APPROACH TO THE MEDICAL PATIENT

Chapter 12
APPROACH TO THE MEDICAL PATIENT


With contributions from Dr Magda Sbai


This section provides a practical approach to the history and examination of a medical patient and outlines how to optimize your time in getting to know them and developing a feel for their problems. This chapter also gives a brief outline of common procedures or investigations that you may be expected to explain to patients during your medical post and looks at situations when referral to a speciality is indicated and the necessary investigations you should consider for patients presenting with certain pathologies.


History and examination


With the introduction of shift work, it is inevitable that you will find yourself looking after patients you did not admit and may have never met. It is well worth the effort to re-clerk these patients, albeit briefly. If this is not possible due to time constraints then an alternative is constructing a patient summary or problem list.
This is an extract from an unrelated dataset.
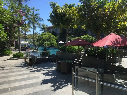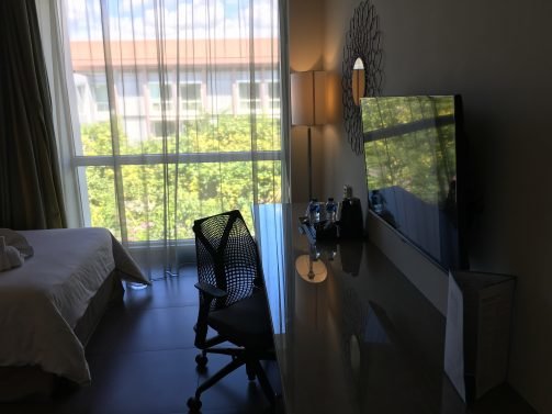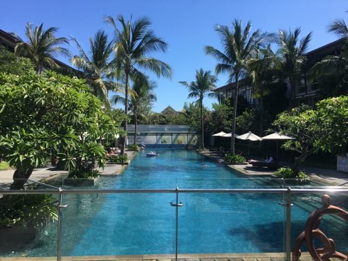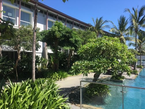 The Hilton Garden Inn Bali is in walking distance from the International Terminal at Bali International Airport. While there is a hotel shuttle you can easily walk 15 minutes to the hotel. However make sure you know how to repel aggressive stray dogs at night.

It takes less time than you may think.


Before seeing a patient, review their medical records, so that you have some idea what their presenting problem might be due to; for example, if they have known inflammatory bowel disease and present with diarrhoea, you should consider if this is a flare of their disease. Information gathering is a key part of medical detective work and developing a thorough approach when tackling problems will protect you from errors in the longer term.


An approach to history taking comprises two essential parts, which enable management to be tailored to the individual patient and their condition:



  1. Getting to know the patient (the person and their medical background)
  2. Getting to know the condition (the presenting problem)
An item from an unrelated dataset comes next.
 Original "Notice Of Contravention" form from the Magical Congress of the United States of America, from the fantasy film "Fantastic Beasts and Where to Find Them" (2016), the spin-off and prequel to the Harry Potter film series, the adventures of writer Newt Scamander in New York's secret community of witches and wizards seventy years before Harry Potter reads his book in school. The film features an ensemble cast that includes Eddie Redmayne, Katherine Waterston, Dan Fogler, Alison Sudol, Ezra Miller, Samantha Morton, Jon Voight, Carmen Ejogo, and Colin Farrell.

Getting to know the patient as a person



  • Patient identification – age/sex
  • Occupation
  • Social support – family, friends, finances
  • Mobility
  • Home help and other services accessed in the community
  • Problems as perceived by the patient – expectations, worries and fears

The medical background



  • Past medical history (MJ THREADS acronym is helpful – i.e. in addition to any volunteered medical conditions, you should specifically ask about myocardial infarction/heart disease, jaundice, thyroid disorders/tuberculosis (TB), hypertension, rheumatoid arthritis/rheumatic fever, epilepsy, asthma/respiratory disease, diabetes or stroke)
  • Past surgical history
  • Allergies and drug history
  • Family history
  • Social history

Getting to know the disease


Presenting complaint


Identify as clearly as possible the reason for the patient presenting now to the hospital. What was the trigger? Think of the possible causes for the symptoms, so that you establish an early differential diagnosis. Do not take a history blindly without this kind of forethought, as it is likely to be inefficient and will not lead you to a diagnosis quickly.


The present history


This is what the patient tells you about their present illness. Listen carefully and ask clarifying questions. Attempt to live the patient’s life from the onset of the symptoms so that you become aware of important details that will refine your differential diagnosis. This will also help you form a detailed social history.
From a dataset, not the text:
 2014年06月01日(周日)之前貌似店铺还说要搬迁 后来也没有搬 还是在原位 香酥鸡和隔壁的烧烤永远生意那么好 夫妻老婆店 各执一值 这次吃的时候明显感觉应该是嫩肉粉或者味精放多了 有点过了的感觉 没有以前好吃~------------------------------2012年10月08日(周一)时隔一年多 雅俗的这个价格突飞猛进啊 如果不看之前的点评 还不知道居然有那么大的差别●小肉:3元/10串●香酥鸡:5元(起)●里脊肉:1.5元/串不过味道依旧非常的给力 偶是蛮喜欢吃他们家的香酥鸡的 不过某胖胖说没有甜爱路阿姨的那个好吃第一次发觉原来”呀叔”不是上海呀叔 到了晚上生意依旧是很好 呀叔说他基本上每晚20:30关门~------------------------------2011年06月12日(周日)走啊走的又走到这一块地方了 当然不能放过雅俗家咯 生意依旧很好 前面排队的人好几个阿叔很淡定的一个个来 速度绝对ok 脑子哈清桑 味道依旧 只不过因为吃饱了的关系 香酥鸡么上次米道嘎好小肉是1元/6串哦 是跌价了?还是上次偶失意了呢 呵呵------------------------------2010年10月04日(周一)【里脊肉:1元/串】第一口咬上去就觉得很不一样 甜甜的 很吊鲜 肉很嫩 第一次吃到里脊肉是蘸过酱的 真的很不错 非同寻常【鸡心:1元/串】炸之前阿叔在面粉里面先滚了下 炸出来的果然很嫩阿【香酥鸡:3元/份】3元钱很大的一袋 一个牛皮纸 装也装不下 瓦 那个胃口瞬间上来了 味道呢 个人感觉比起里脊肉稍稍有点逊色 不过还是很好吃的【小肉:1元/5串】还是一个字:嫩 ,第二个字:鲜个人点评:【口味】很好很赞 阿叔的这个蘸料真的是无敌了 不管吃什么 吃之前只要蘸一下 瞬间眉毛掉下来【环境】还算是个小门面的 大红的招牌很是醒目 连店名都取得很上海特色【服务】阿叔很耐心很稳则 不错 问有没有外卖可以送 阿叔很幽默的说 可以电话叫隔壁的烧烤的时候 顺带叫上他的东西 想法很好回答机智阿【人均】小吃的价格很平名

Next, try to rank your differential diagnosis and identify those features of the most likely diseases that have emerged thus far. Ask about these features now – the specific directed enquiry – and write down your differential diagnosis and problem list before the examination.


The systematic (or functional) enquiry


This is usually the least useful part of the history. Whilst it provides a convenient list of symptoms, it encourages thoughtless history taking that overworked junior doctors do not need! It should therefore be left until last and although it can sometimes be shortened it is inadvisable to omit in its entirety. On an odd occasion it may identify important information that the patient may not have thought was relevant. If you have taken a thorough history of presenting complaint you will find that you have asked many of the questions for the relevant systems already and the systems enquiry should then consist of a short run through of the remaining systems. For the detailed list of symptoms, see Figure 12.1.

c12-fig-0001

Figure 12.1 Approach to history taking.


The examination


The same general examination for all patients should be followed by a directed systemic examination, based on the diagnostic possibilities elicited in your history. For example, you would make a careful check for signs of infective endocarditis in a patient with a history of valvular heart disease and a recent decrease in exercise tolerance with fevers. Note the important negative findings, for example, no splinter haemorrhages, no vasculitic skin lesions, no splenomegaly. Fully document your findings in the medical notes.


We have provided an outline of the general and systematic examination of the medical patient in Figure 12.2. Whilst it is structured in the order for ‘routine’ examination, few patients are ‘routine’, and you should examine some systems in more detail according to your differential diagnosis. Equally, examination may not be possible to a detailed level if your patient is confused or drowsy.

c12-fig-0002

Figure 12.2 Approach to examination.


Once you have examined a few patients, you will develop your own style doing this.


Summing up


At the end of your history and examination, it is a good idea to summarize your findings for presenting on ward rounds, to seniors or to other specialist teams:



  1. Patient ID and salient medical background. Mention what is pertinent to the present problem such as any cardiac risk factors if the patient presented with chest pain.
  2. Presenting complaint.
  3. Current problems – medical, pharmacological and social.
  4. Results of relevant investigations.
  5. Plan for discharge – any anticipated obstacles and the estimated date of discharge from hospital.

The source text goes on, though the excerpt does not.